## TASK DESCRIPTION:
Please output exactly the lines from the one containing "Часы наручные LIGE" through the end of the records below, leaving out any pictures.

## RECORDS SUPPLIED:

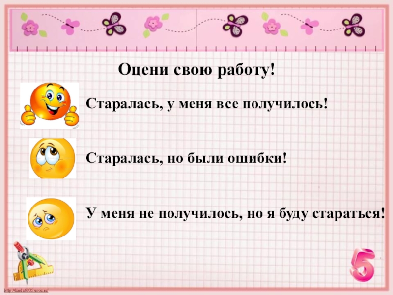Оцени свою работу!Старалась, у меня все получилось!Старалась, но были ошибки! У меня не получилось, но я буду
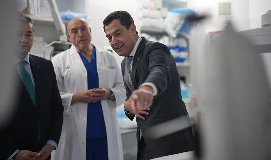 El presidente de la Junta, Juanma Moreno, durante su recorrido por las instalaciones del Hospital Virgen del Rocío de Sevilla.
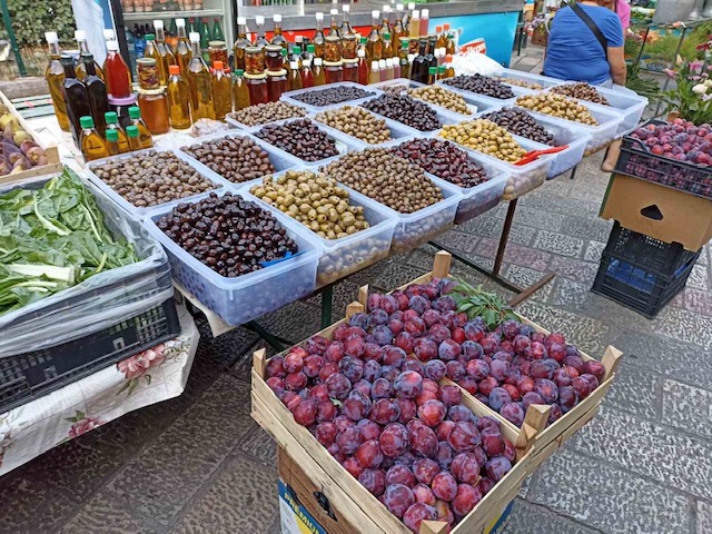 Pod markat ovoga jutra bilježimo raznovrsnu ponudu voća, povrća, mliječnih proizvoda, maslinovog ulja i mesnih prerađevina.
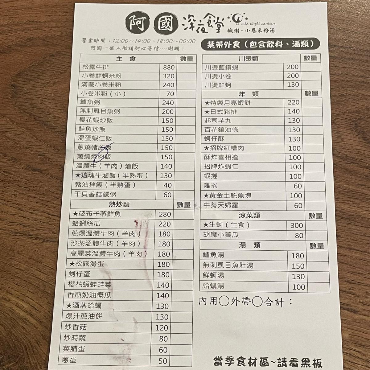 "Ah Guo Late Night Diner" seems to focus on savory porridge and rice vermicelli soup with squid (as these dishes are highlighted on the menu), but we didn’t order either, haha.
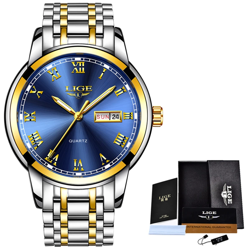 Часы наручные LIGE Мужские кварцевые, модные спортивные полностью стальные золотистые деловые брендовые Роскошные водонепроницаемые
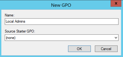 In the "New GPO" box, enter a Name of "Local Admins", as shown below. Click OK.
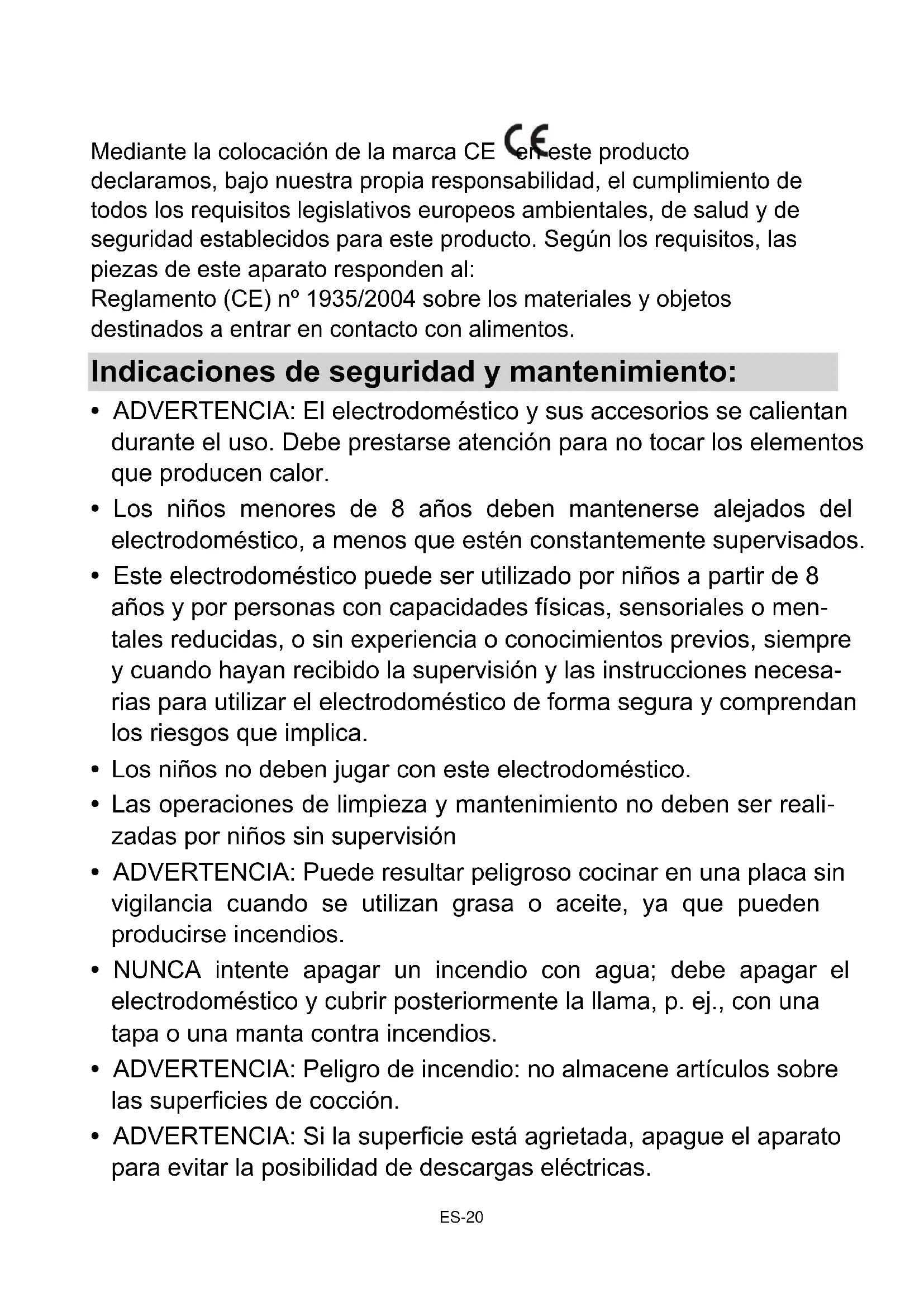- ADVERTENCIA: Puede resultar peligroso cocinar en una placa sin vigilancia cuando se utilizan grasa o aceite, ya que pueden producirse incendios.

## WRITTEN RESPONSE:
 Часы наручные LIGE Мужские кварцевые, модные спортивные полностью стальные золотистые деловые брендовые Роскошные водонепроницаемые
 In the "New GPO" box, enter a Name of "Local Admins", as shown below. Click OK.
- ADVERTENCIA: Puede resultar peligroso cocinar en una placa sin vigilancia cuando se utilizan grasa o aceite, ya que pueden producirse incendios.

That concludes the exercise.